Department of Genetics, Stanford University School of Medicine, Stanford, CA 94304, USA.
Interdisciplinary Research Center on Biology and Chemistry, Shanghai Institute of Organic Chemistry, Chinese Academy of Sciences, Shanghai 200032, China.
Bioinformatics. 2022 Jan 3;38(2):568-569. doi: 10.1093/bioinformatics/btab583.
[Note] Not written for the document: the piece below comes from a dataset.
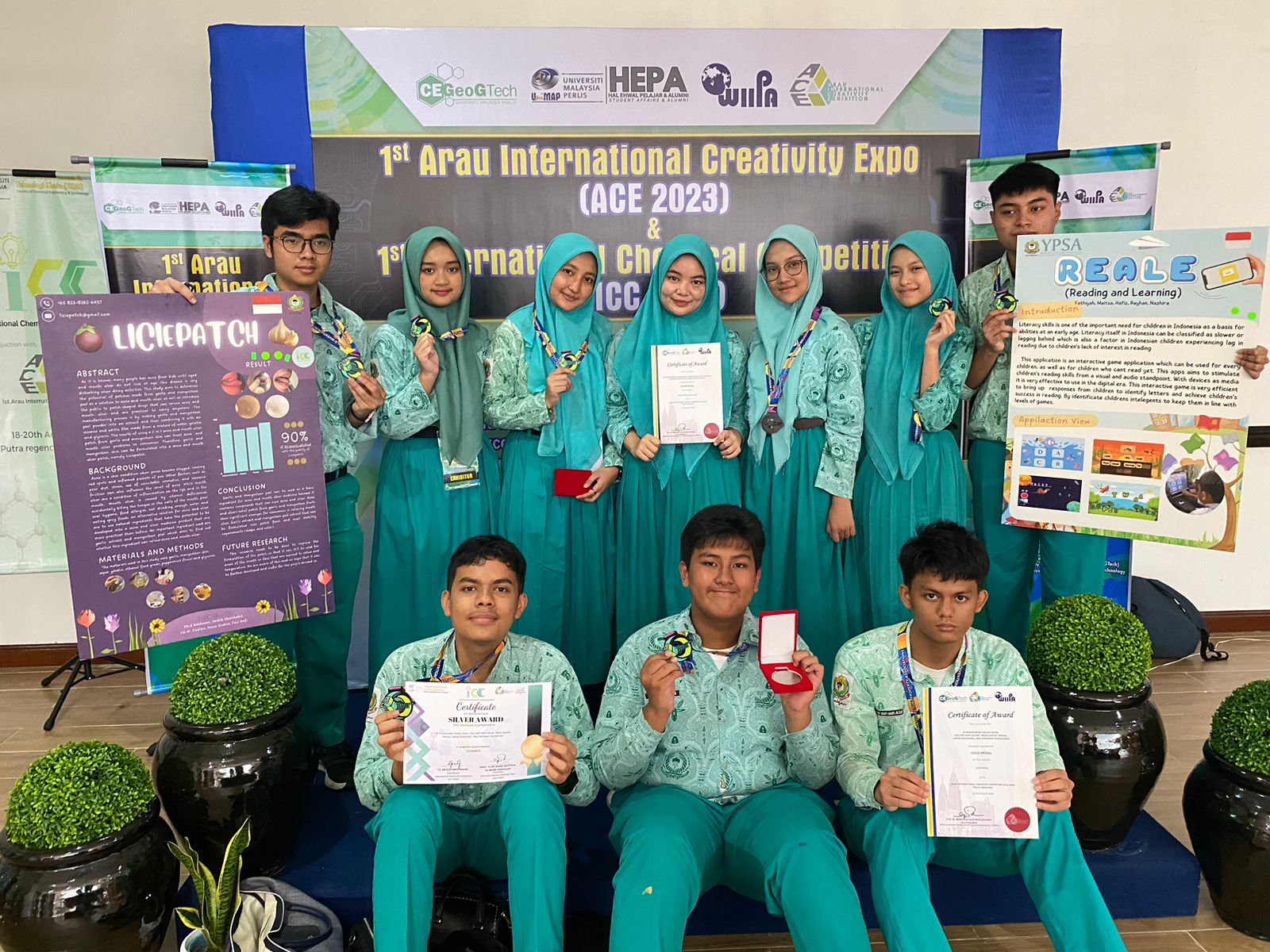 Tim SMA YPSA yang berhasil merebut medali di ajang ACE dan ICC di Malaysia/foto : ist BICARAINDONESIA-Medan : Prestasi kembali ditorehkan Tim SMA Yayasan Pendidikan Shafiyyatul Amaliyyah (YPSA), setelah mereka kembali meraih Medali Emas dan Perak dalam ajang Arau International Creativity Expo (ACE) 2023 & International Chemical Competition (ICC) 2023 pada tanggal 18-20 Agustus 2023 di The Putra Regency Hotel, Kangar, Perlis yang diselenggaran oleh World Intellectual Property Association (WIIPA), Center of Excellence Geopolymer and Green Technology (CEGeoGTech), and Universiti Malaysia Perlis.

Accurate and efficient compound annotation is a long-standing challenge for LC-MS-based data (e.g. untargeted metabolomics and exposomics). Substantial efforts have been devoted to overcoming this obstacle, whereas current tools are limited by the sources of spectral information used (in-house and public databases) and are not automated and streamlined. Therefore, we developed metID, an R package that combines information from all major databases for comprehensive and streamlined compound annotation. metID is a flexible, simple and powerful tool that can be installed on all platforms, allowing the compound annotation process to be fully automatic and reproducible. A detailed tutorial and a case study are provided in Supplementary Materials.
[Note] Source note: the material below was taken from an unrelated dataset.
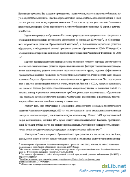 Болонского процесса. Его создание преследовало политические, экономические и собственно научно-образовательные цели. Научно-образовательной целью явилось обновление знаний и идей за счет расширения международных контактов. В настоящее время участниками Болонского процесса и декларации «Зона европейского высшего образования» являются 45 стран, в том числе и Россия.
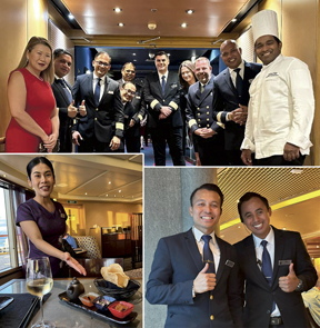 I must mention our outstanding dining experiences aboard Eurodam. The Main Dining Room delivered exceptional service through our waiter Leo, the wonderful Maître d’s team (Damian, Noel, Suta, & WahyuWahyu) and the personal attention of Stefan Miles, the handsome Food & Beverage Director. But the Tamarind specialty restaurant hit the jackpot with its creative cuisine by Chef Nur Hadi, and our highly entertaining waitress Ing-Ing and her team.

https://jaspershen.github.io/metID.
Supplementary data are available at Bioinformatics online.
基于 LC-MS 的数据(例如非靶向代谢组学和暴露组学)的准确、高效的化合物注释是一个长期存在的挑战。人们已经做出了大量努力来克服这一障碍,但是目前的工具受到所使用的光谱信息源(内部和公共数据库)的限制,并且没有实现自动化和流程化。因此,我们开发了 metID,这是一个 R 包,它结合了所有主要数据库的信息,用于全面、流程化的化合物注释。metID 是一个灵活、简单且强大的工具,可以在所有平台上安装,允许化合物注释过程完全自动化和可重复。在补充材料中提供了详细的教程和案例研究。
https://jaspershen.github.io/metID。
补充数据可在 Bioinformatics 在线获得。